All eyes were fastened onto the screen at the front of the room, and a reverent hush swept through the room, as the swamp-dwellers waited in anticipation of the hallowed event. The screen flickered and a few buzzing noises emerged followed by some visual electrical interference, through which emerged a face which looked like a cross between a grossly malformed bulldog and a mutant toad.
„Üdvözlet a mocsári lakóknak*,” croaked the rather gravelly voice accompanying this visual nightmare. [*Editor: Hungarian for ”Greetings to the swamp dwellers”] The voice broke into strongly accented English. “It’s good to see you there, as part of my Australian team striving to create the perfect globalist dream.”
“You mean your Our Tear Roar New Zealand team?” timidly interjected Nikki Stray.
“Silence woman,” bawled Uncle Hwmbo angrily. “If I say it’s Australia, it’s Australia. How dare you contradict the source of all wisdom and cash. Do you want me to tell Uncle Xi to cut off your készpénz? Moola to you. In the good old days it would have been straight to a cattle wagon for you! Hah, those days can’t come back quickly enough. Now where was I? Ah yes, in a cattle wagon… no, not yet, not yet.” He mumbled to himself for a short time, looking rather confused. “Ah yes, my beloved workers in the New Caledonian swamp… or is it New Guinea? Anyway, you’re all doing very well. I had occasion in the past to growl a little because that Solomon Ridges fellow was too slow at merging the communist and notionalist philosophies. But I’m very happy with your progress, Mr Duller.”
Todd Duller glowed a pink glow of about 75 watts at this compliment, and tried to look modest. “It’s been a pleasure,” he said. “I too, was concerned about the slow progress to the ideological merger. Just doing my job.”
Uncle Hwmbo cut in, before Mr Duller actually started purring. “I’m particularly happy about your masterstroke of having that woman… what’s her name? ah yes, Misspell Toad. A masterstroke to have her make such an unbelievable mess of that leak… But her dedication in being prepared to make herself look stupid for the cause is commendable, commendable! And I’m always instantly fond of people who resemble toads… I don’t know why.”
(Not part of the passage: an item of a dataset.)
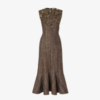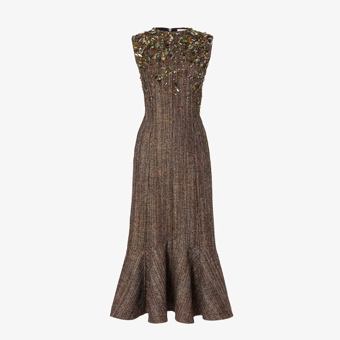 Sleeveless midi dress with peplum detail at the hem. Close-fitting with crew neck and zipper closure on the back. Lined in silk. Made of rust-colored wool and alpaca tweed melange, embellished with hand-crafted embroidery: crystals of different shapes and sizes create depth and movement, while fabric shapes decorated with crystals appear to emerge from the surface, fading into a gradient effect. Made in Italy Composition: 43% wool, 40% alpaca, 17% polyamide, lining: 100% silk Size worn: 38 IT. The model is 178 cm tall Product Code: FDD435AYN5F1T6K

A murmur of approval, mixed with relief spread around the room. The swamp-dwellers had secretly been a little concerned that this blunder may have not gone down well with Uncle Hwmbo, but obviously they had got away with it.
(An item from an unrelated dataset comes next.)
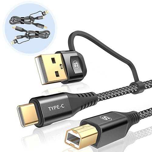 2in1プリンターケーブル6M。USB2.0規格、タイプAオス/タイプCオス – タイプBオス。ナイロン編み、480 Mbps高速転送。HP、Canon、Epson他対応。

“I must go now,” growled Uncle George. “I need to send money to encourage some more riots and societal breakdown. I think I have some to send to some groups of mine there in New, umm, what is it? Ah yes, New Zimbabwe. Well bye for now.”
Uncle Hwmbo disappeared from the screen, and Mr Duller rose to his feet, and looked around the room. With a voice choking with emotion, he said, “Well, what more can I say? Let us disperse and continue to do all we can to work for the re-election of Justinda Ardeau. And don’t be afraid. In the resulting economic destruction, we will all be well looked after financially.”
With a rousing chorus of “For Hwmbo’s a Jolly Good Traitor”, the meeting closed and the swamp creatures crawled off to their various lairs.
Your intrepid eyewitness quickly packed up his equipment and departed thoughtfully homewards, trying his best to avoid the Kindness and Wellbeing police.